Fall 2022: Book discussion group co-organized with the Center for the Advancement of Teaching (CAT): Creating Inclusive Learning Opportunities in Higher Education: A Universal Design Toolkit
This book discussion group met three times over the course of the semester to discuss Sheryl Burgstahler’s book, Creating Inclusive Learning Opportunities in Higher Education: A Universal Design Toolkit.

Summer 2022: DSI course planning grant
The Humanities Institute offered to award up to two $2,000 summer planning grants to university faculty to support development of a course on disability studies intended to be taught in AY 2022-23.

Spring 2022: The DSI hosted Dr.

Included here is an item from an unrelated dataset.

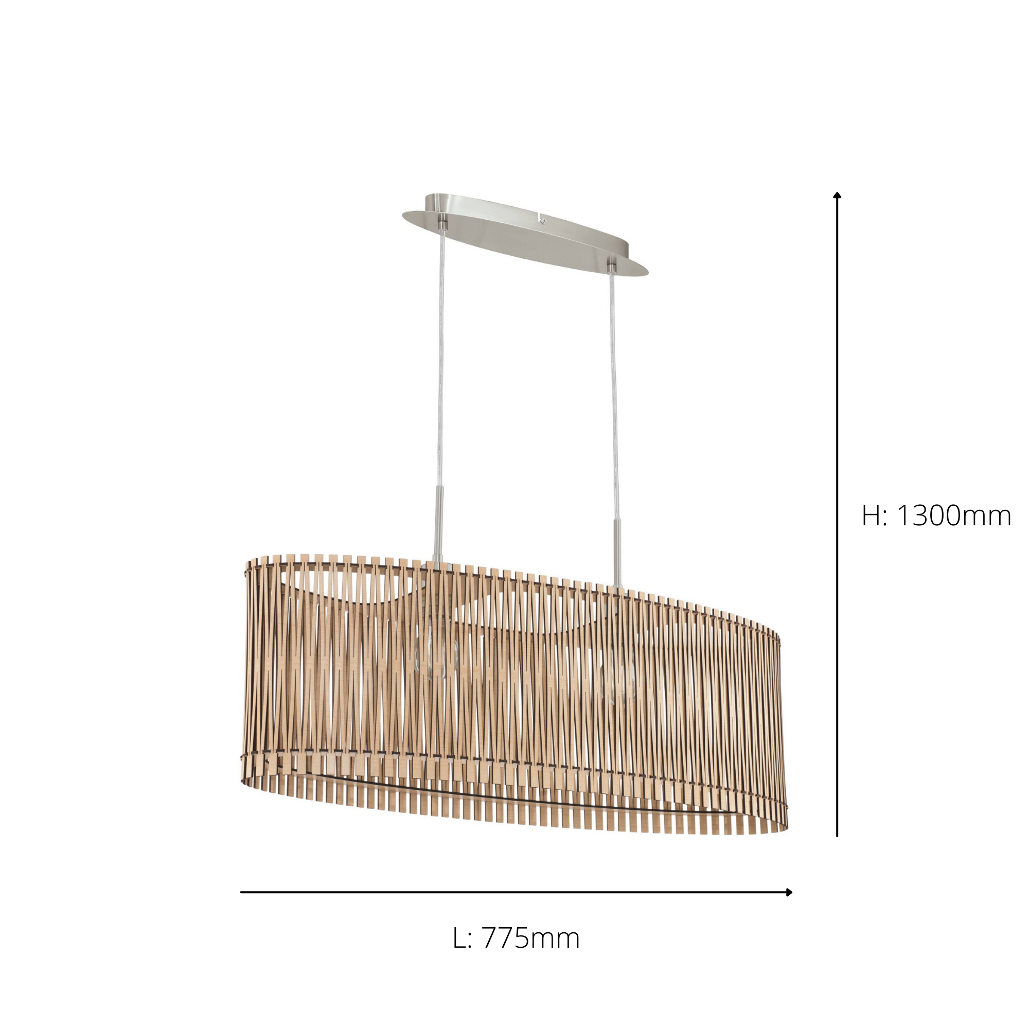 The SENDERO pendant light has an oval lampshade made from maple wood slats suspended from a matte nickel metal canopy. The wooden slats create a fascinating play of light and shadow when the light is on. The pendant light blends seamlessly with modern interior design styles and provides cosy lighting in the living room or above the table in the dining room. Lightbulbs are not included. The product has E27 lamp holders and requires 2 x E27 lightbulbs. IP20 Rating Requires 2 x E27 lightbulbs Maple wood lampshade Perfect for the living room or above the dining room table Mix of metal and natural materials Semi-visible lightbulb design Satin-nickel canopy Complements modern interiors
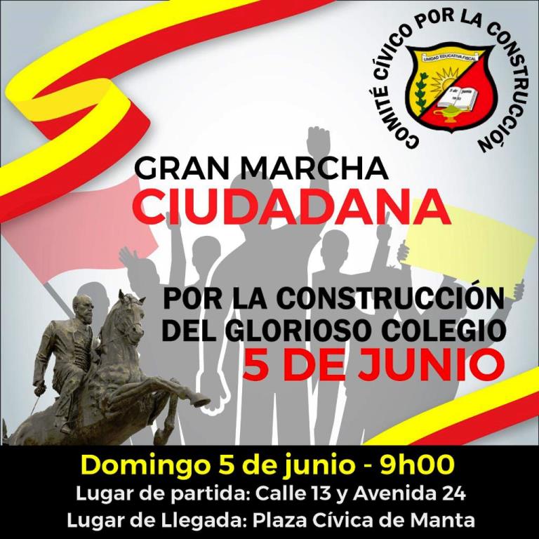 La Asociación de Excinquinos anunció para este domingo una manifestación ciudadana a fin de urgir al Gobierno nacional la inmediata construcción del edificio de la Unidad Educativa “Cinco de Junio”, que así como la de otros colegios y escuelas de la ciudad, colapsaron debido al el terremoto del 16 de abril del año 2016.

Liat Ben-Moshe for a virtual talk titled “Decarcerating Disability”
Dr. Liat Ben-Moshe is an Associate Professor of Criminology, Law and Justice at the University of Illinois at Chicago. Her book, Decarcerating Disability: Deinstitutionalization and Prison Abolition (University of Minnesota Press, 2020) offers a genealogy of the deinstitutionalization of people with disabilities in the U.S. in the 20th century as a result of the closure of disability institutions. The book connects this history with current prison abolition efforts, laying the groundwork for coalitions between racial and disability justice projects. The virtual talk was free and open to the public. This talk was organized by the Wake Forest Disability Studies Initiative and was sponsored by the Wake Forest University Humanities Institute with support made possible by a major grant from the National Endowment for the Humanities. Additional support was provided by the African American Studies Program, the Department of Women’s, Gender, and Sexuality Studies, the Disability Employee Affinity/Support Group, and the Race, Inequality, and Policy Initiative (RIPI).

Flyer for virtual talk by Dr. Liat Ben-Moshe: Decarcerating Disability

Fall 2021 and Spring 2022: Faculty working group on the topic of disability studies
Sponsored by the Humanities Institute, the primary goal of the seminar was for faculty to share and receive feedback on their scholarship within the field of disability studies.